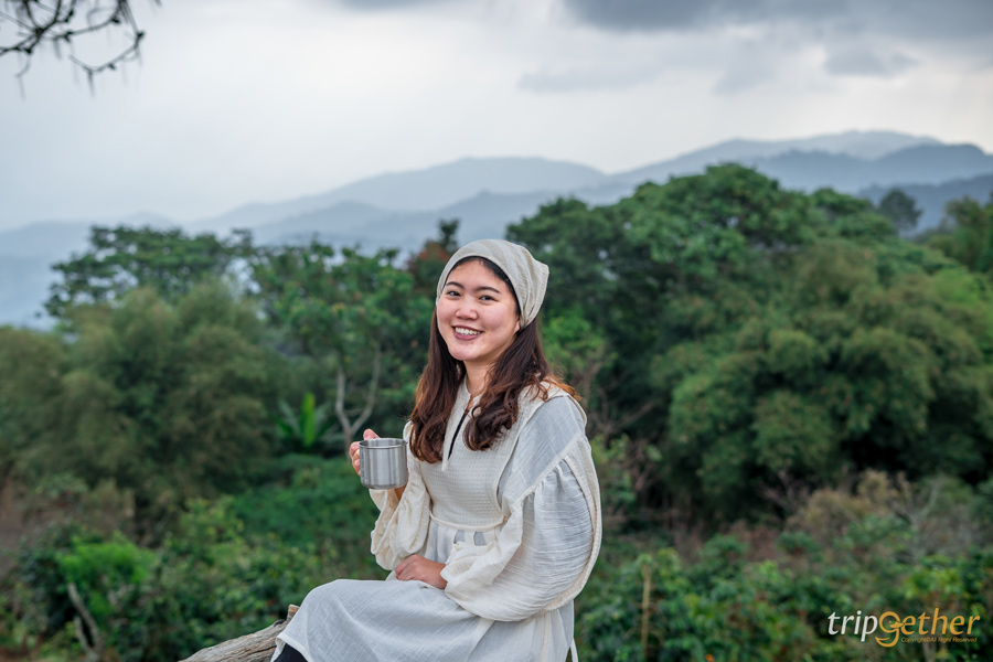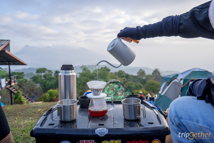 ดริปกาแฟท่ามกลางวิวทิวเขาเข้ากันมาก นั่งจิบกาแฟร้อนๆ ดีต่อใจ
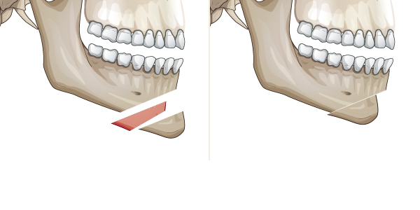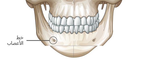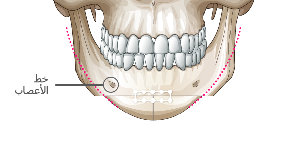 قص عظمة T على جانب الذقن لتجنب الأعصاب.
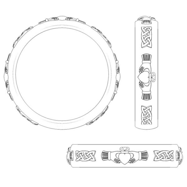 Claddagh Wedding Ring with Celtic Knot design. This Claddagh Ring is ideal for both man and woman so tie your knot with this unique piece of Irish Jewelry. What better way to declare your everlasting love to each other. So get your matching pair of Claddagh Wedding Bands today. Claddagh originated in or close to the small fishing village of Claddagh in Galway.
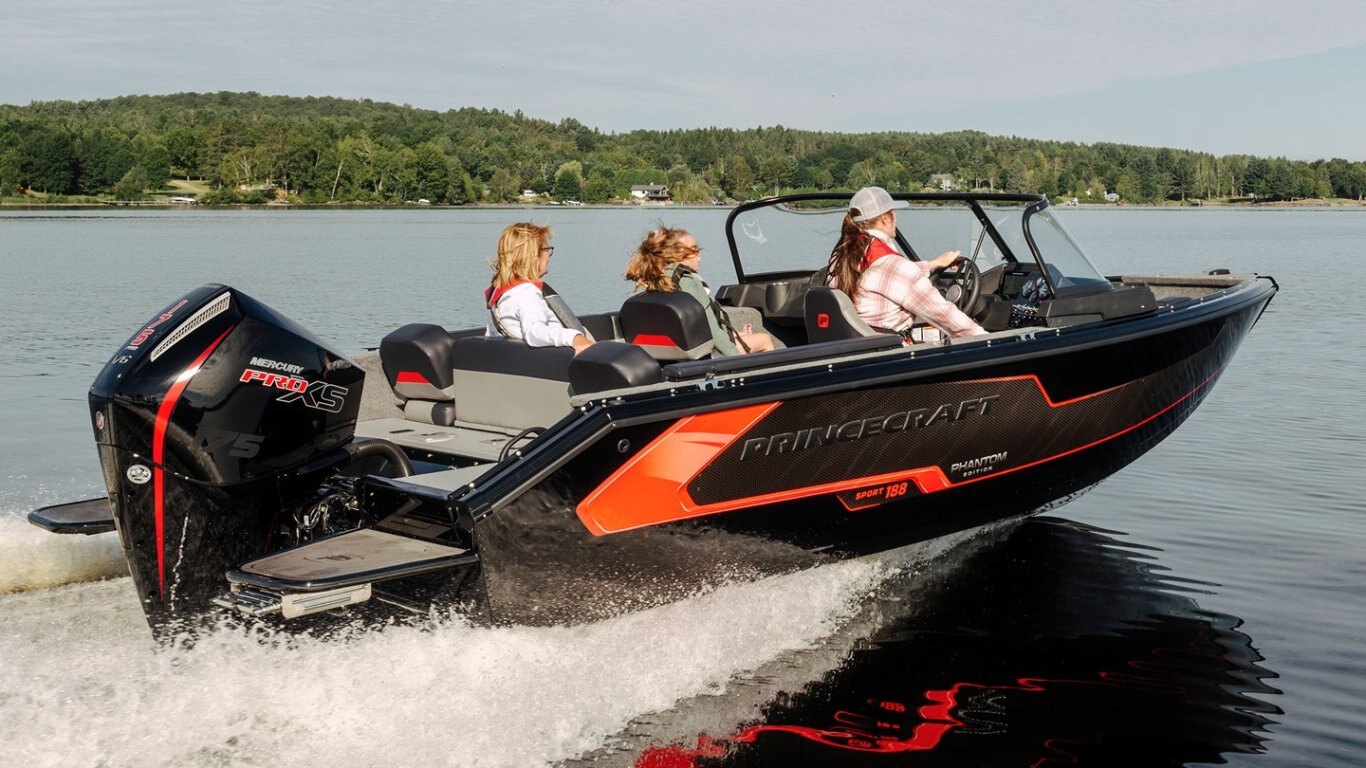 2026 Princecraft Sport 188 Anthracite grey (blue accent)Optional removable ski pylon
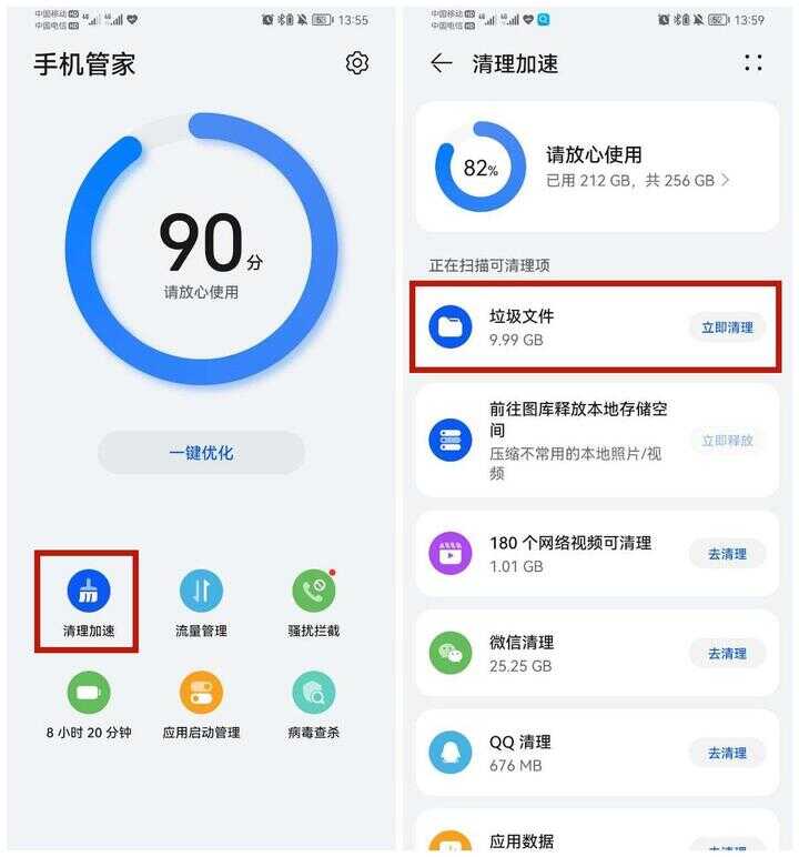 【操作方法】:手机管家——“清理加速”——等待系统扫描可清理项之后,点击“立即清理”。
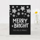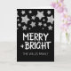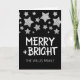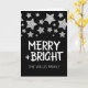 Navidades Sparkle Stars Merry brillante Tarjeta negra de nombre familiar. Sparkly Navidades tarjeta de saludo de invierno de vacaciones con texto personalizado Merry y Bright. Un hermoso purpurina gris blanco y negro destella el patrón de las estrellas en la tarjeta personalizado. ¡Foto de chispas!
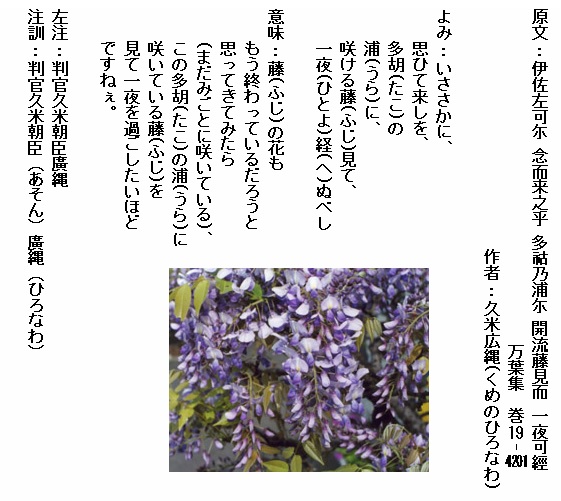 巻19-4201: いささかに思ひて来しを多胡の浦に咲ける藤見て一夜経ぬべし
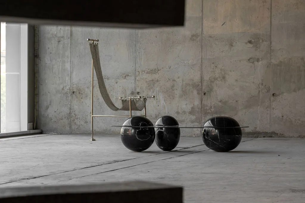 The “Chainmail Chair” by Panorammma Atelier is a new take on William Katavolos 1952’s “T-Chair”. Its seat is made up of hand-linked metal rings coming together to form a strong and flexible mesh that drapes down its T structure.
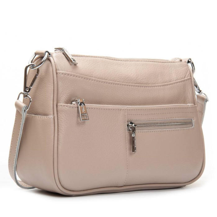 Жіноча компактна сумочка Alex Rai. Виготовлена з натуральної м'якої шкіри. Закривається на блискавку. Усередині розташоване основне і додаткове відділення, розділене кишенею-перегородкою на блискавці, відкрита велика кишеня і бічна кишеня на блискавці. На фасаді розташовані дві кишені на блискавці, а на зворотному боці одна кишеня. На торцях сумочки є маленькі відкриті кишені.
##########
Your copy should hold only the lines from the one containing "Navidades Sparkle Stars" through the last line of the listing, both included, retyped exactly and free of pictures.

> [Task solution]
 Navidades Sparkle Stars Merry brillante Tarjeta negra de nombre familiar. Sparkly Navidades tarjeta de saludo de invierno de vacaciones con texto personalizado Merry y Bright. Un hermoso purpurina gris blanco y negro destella el patrón de las estrellas en la tarjeta personalizado. ¡Foto de chispas!
 巻19-4201: いささかに思ひて来しを多胡の浦に咲ける藤見て一夜経ぬべし
 The “Chainmail Chair” by Panorammma Atelier is a new take on William Katavolos 1952’s “T-Chair”. Its seat is made up of hand-linked metal rings coming together to form a strong and flexible mesh that drapes down its T structure.
 Жіноча компактна сумочка Alex Rai. Виготовлена з натуральної м'якої шкіри. Закривається на блискавку. Усередині розташоване основне і додаткове відділення, розділене кишенею-перегородкою на блискавці, відкрита велика кишеня і бічна кишеня на блискавці. На фасаді розташовані дві кишені на блискавці, а на зворотному боці одна кишеня. На торцях сумочки є маленькі відкриті кишені.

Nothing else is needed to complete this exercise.